Challenge 7
Table of Contents
1. Original assembly
Original challenge link: Click me.
func: 0: movzx edx, BYTE [rdi] 3: mov rax, rdi 6: mov rcx, rdi 9: test dl, dl b: je 29 d: nop DWORD [rax] 10: lea esi, [rdx - 0x41] 13: cmp sil, 0x19 17: ja 1e 19: add edx, 0x20 1c: mov BYTE [rcx], dl 1e: add rcx, 0x1 22: movzx edx, BYTE [rcx] 25: test dl, dl 27: jne 10 29: repz ret
After removing the unused labels, and renaming the used ones.
func: movzx edx, BYTE [rdi] mov rax, rdi mov rcx, rdi test dl, dl je .done nop DWORD [rax] .loop: lea esi, [rdx - 0x41] cmp sil, 0x19 ja .bigger_val add edx, 0x20 mov BYTE [rcx], dl .bigger_val: add rcx, 0x1 movzx edx, BYTE [rcx] test dl, dl jne .loop .done: repz ret
2. Assembly notes
These are some notes I considered important when translating the assembly into C code.
2.1. Function parameters
We can asume the first parameter of the function is a char*
because it’s always
using BYTE [ptr]
when reading and writing values.
2.2. Single while
loop
If we start translating to C code literally, we can see it technically checks if
*ptr
is zero once, and then does a do { ... } while();
loop. This is likely an
optimization made by the compiler, so we can simplify this into a simple
while () { ... }
loop.
2.3. Using lea
without a pointer
After the .loop
label, we load the effective address of [rdx - 0x41]
. Keep in
mind that rdx
is not holding the pointer, but the dereferenced value at this
point. This is a trick used by commonly used by compilers for performing simple
operations on values.
The translation of this instruction would be something like this: If rdx
was an
address, and we subtracted 0x41
, at what address would be located the
dereferenced value?
Or in simpler words: If I am at rdx
, and I move back 0x41
bytes, where am I?
2.4. Understanding 0x41
At first, 0x41
doesn’t look particularly special. First, we should convert it to
decimal to see if it rings any bell. 65 doesn’t give much clue, but since we
know we are dealing with a char*
, and we are subtracting this from each
character, we should look up what this number represents in the ASCII table.

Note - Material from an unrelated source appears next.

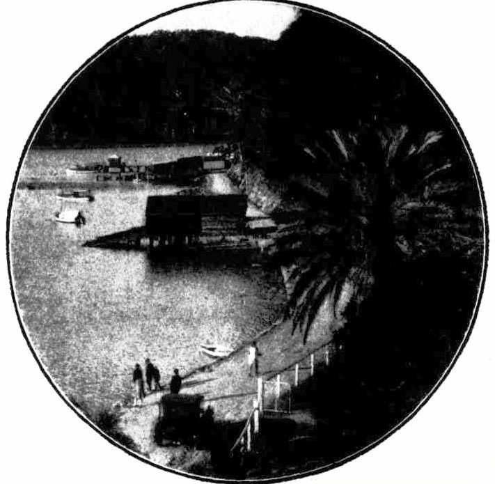 Ascending the cliffs, a view of Pitt Water is beheld, being the harbour belonging to this estate. If an arrangement were madeto have a small steamer plying along the beautifully wooded, lofty, and precipitous shores of the Hawkesbury River, parties of travellers could meet it at this spot, avoiding the disagreeable sea voyage by coming from Manly by land. The steamer could convey them from Mr. Collins' house to Windsor, and the trainwould take them back to Sydney - it being understood that the Windsor railway will shortly be completed.

We can see that it’s the letter A
, which already looks interesting since we are
subtracting the first capital letter from the input.

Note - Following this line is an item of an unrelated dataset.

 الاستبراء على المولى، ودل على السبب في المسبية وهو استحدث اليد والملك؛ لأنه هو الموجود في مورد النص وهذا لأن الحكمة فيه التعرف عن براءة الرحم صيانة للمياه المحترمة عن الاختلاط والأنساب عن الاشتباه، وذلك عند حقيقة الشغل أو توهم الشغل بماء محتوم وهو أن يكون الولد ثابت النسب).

We can do the same with other hex values. Keep in mind that the comparison
against 0x19
is made after subtracting 0x41
, so we should look for the character
at 0x5A
, which is Z
. We are basically checking if the character is between A
and
Z
.
2.5. The SIL
register
Although the SIL
register is not commonly used, it’s used to access the lower 8
bits of the ESI
register.
2.6. Using repz
along with ret
For more information about why repz
is used with ret
, see Challenge 6.
3. C translation
The first version uses register names and is a more direct translation.
void func(char* rcx) { if (*rcx == 0) return; do { char esi = *rcx - 0x41; if (esi <= 0x19) { *rcx += 0x20; } rcx++; } while (*rcx != 0); }
If we look at the assembly, we can also see that the functions return the
initial parameter (rdi
), since it gets loaded into rax
at the start. I didn’t
add it to the C translations because I feel like it’s a detail that can just be
mentioned, keeping the C code cleaner.
This is the final function after optimizing the loops and renaming the variables.
void func(char* ptr) { while (*ptr != '\0') { char c = *ptr - 'A'; /* esi */ /* Between 'A' and 'Z' */ if (c <= 25) { /* Convert from 'A' (0x41) to 'a' (0x61) */ *ptr += 32; } ptr++; } }
After looking at the code, we can determine that the function is used to convert all uppercase letters of a string into lowercase.